Exercise brief
Find the "שליו: אבא, התפילילה" line in the records below and repeat it and every later line exactly, up to the last; do not include pictures.

Source data
┏━━

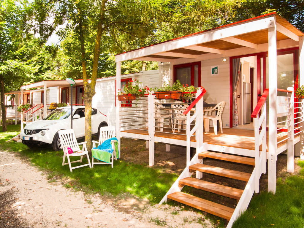 Die Ferienanlage VILLAGGIO SAN FRANCESCO liegt am Ortsende von Duna Verde, zwischen Caorle (9 km) und Eraclea Mare (4 km) und grenzt direkt an den schönen Sandstrand mit Mietmöglichkeit von Sonnenliegen und Sonnenschirmen. Der Sonnenschirm des Mobilhomes kann an den Strand mitgenommen und am freien Strand (hier Strandservice auf Wunsch) aufgestellt werden. Ca. 32 ha großes, komplett abgeschlossenes Grundstück mit zahlreichen Bungalows, Wohnungen und einem Campingplatz. In der Anlage: 3 Restaurants/Pizzeria, Supermarkt mit Metzgerei, Eisdiele, Joghurt-Bar, 2 Bazars, Friseur, Zeitungskiosk, Fahrrad-Verleih, Bankomat, Apotheke, Erste-Hilfe-Station, weitere Geschäfte. Großes Sport- und Freizeitangebot: 4 Pool-Bereiche mit insgesamt 9 Pools, teils mit Wasserspielen, Wasserfällen, 2 mit separatem Kinderbecken, 1 mit Sprudelbad, jeweils mit Sonnenliegen und Sonnenschirmen (alle Pools sind ca. vom 20.05.-15.09. geöffnet, 1 davon die gesamte Saison, da beheizt, 2 der Pools sind abwechselnd je 1 Tag/Woche wegen Reinigung geschlossen), Volleyball- und Basketballfeld, am Strand Beach-Volley und Bocciabahn. Animation für Jugendliche und Erwachsene, Miniclub (ab 4 Jahre, jeweils 01.06. bis 10.09.). Wasserpark GARDEN (geöffnet ca. 01.06.-10.09.) mit 3 Pools, 2 Rutschen, Kinderbecken, Sprudelbad, Fitnesscenter und Disco-Pub. Gegen Bezahlung: 2 Tennisplätze (auch beleuchtet), 2 Multifunktionsfelder, Sportplätze. Unsere Mobilhomes liegen ungefähr in der Mitte der Anlage und haben jeweils 1 Parkplatz beim Mobilhome. Weitere Parkmöglichkeiten innerhalb des Feriendorfs (gegen Bezahlung) oder außerhalb (ohne Berechnung). Jeweils überdachte Holzterrasse mit Mobiliar und Sonnenschirm, Gasgrill auf Anfrage und gegen Bezahlung am Ort. CAO 602/604 haben jeweils zusätzlich 2 Sonnenliegen. Freundliche, feriengerechte Einrichtung. Sat-TV (deutsche Programme), Internetzugang (WLAN, € 8/Tag). Safe. Fliegengitter (in CAO 602/603/604 nur in den Schlafzimmern). Klimaanlage mit Kühl-/Heizfunktion (nicht in allen Räumen). Hinweise: Rauchen ist in den Mobilhomes nicht gestattet. Von 23-7 h und 13-15 h bleibt die Anlage für PKW geschlossen (Schranke).
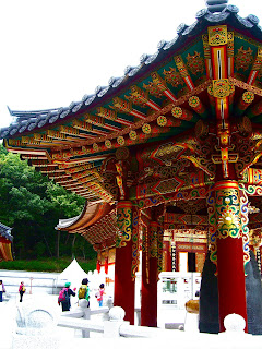 Last Saturday Sarah and I decided to go climb Dobongsan, the most popular mountain around Seoul. You get off at Dobongsan metro station which is situated on Line 7 and 1. It was a lot easier to get to then Suraksan since so many people were headed that way. In all situations just follow the other hikers, they led us straight to it. Along the way we saw many temples. Right from the beginning we past this amazing temple at the beginning of the trail:
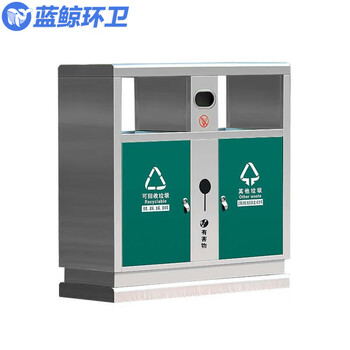 蓝鲸环卫 201不锈钢双桶D 户外垃圾桶不锈钢垃圾桶环卫分类垃圾桶室外果皮箱大号小区垃圾箱LJHW-1014
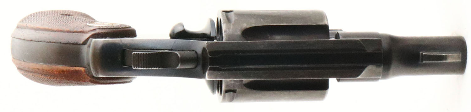 Colt, Detective Special - Post War 2nd Issue, CAL: .38 SPL, MFG: 1956, SN: 689679, Double Action Revolver, 2'' barrel. The Colt logo medallion checkered wood grips are very good & solid. There is a smoothed sliver chip on the right grip next to the front strap, alongside other minor handling marks & an added coat of protective oils. The original metal blue finish rates 80% on the barrel & 70% on the frame, with areas of thinning toned to a brown patina. Bore is excellent. Square notch rear sight & serrated blade front sight. FFL or C&R Req. - Value: 400 to 700
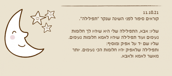 שליו: אבא, התפילילה שלי היא שיהיו לך חלומות נעימים ועוד תפילילה שיהיו לאמא חלומות נעימים.
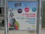 - A Brest, photographie d’une affiche « Le ciel entre en ligne ! » à la station « Liberté » de la ligne A de tramway, le samedi 22 avril 2017. Copyright : Edouard Paris
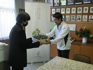 高鍋町のジェイエイ・アグリシード様から、花の苗を寄贈していただきました。地域貢献の一環として行われている花の苗の寄贈、今年で7年目になるそうです。パンジー・ビオラ・葉ボタンの苗、合計500鉢が、環境委員会の代表生徒2名に贈呈されました。本当にありがとうございます。大切に育てていきます。

┗━━

Task solution
 שליו: אבא, התפילילה שלי היא שיהיו לך חלומות נעימים ועוד תפילילה שיהיו לאמא חלומות נעימים.
 - A Brest, photographie d’une affiche « Le ciel entre en ligne ! » à la station « Liberté » de la ligne A de tramway, le samedi 22 avril 2017. Copyright : Edouard Paris
 高鍋町のジェイエイ・アグリシード様から、花の苗を寄贈していただきました。地域貢献の一環として行われている花の苗の寄贈、今年で7年目になるそうです。パンジー・ビオラ・葉ボタンの苗、合計500鉢が、環境委員会の代表生徒2名に贈呈されました。本当にありがとうございます。大切に育てていきます。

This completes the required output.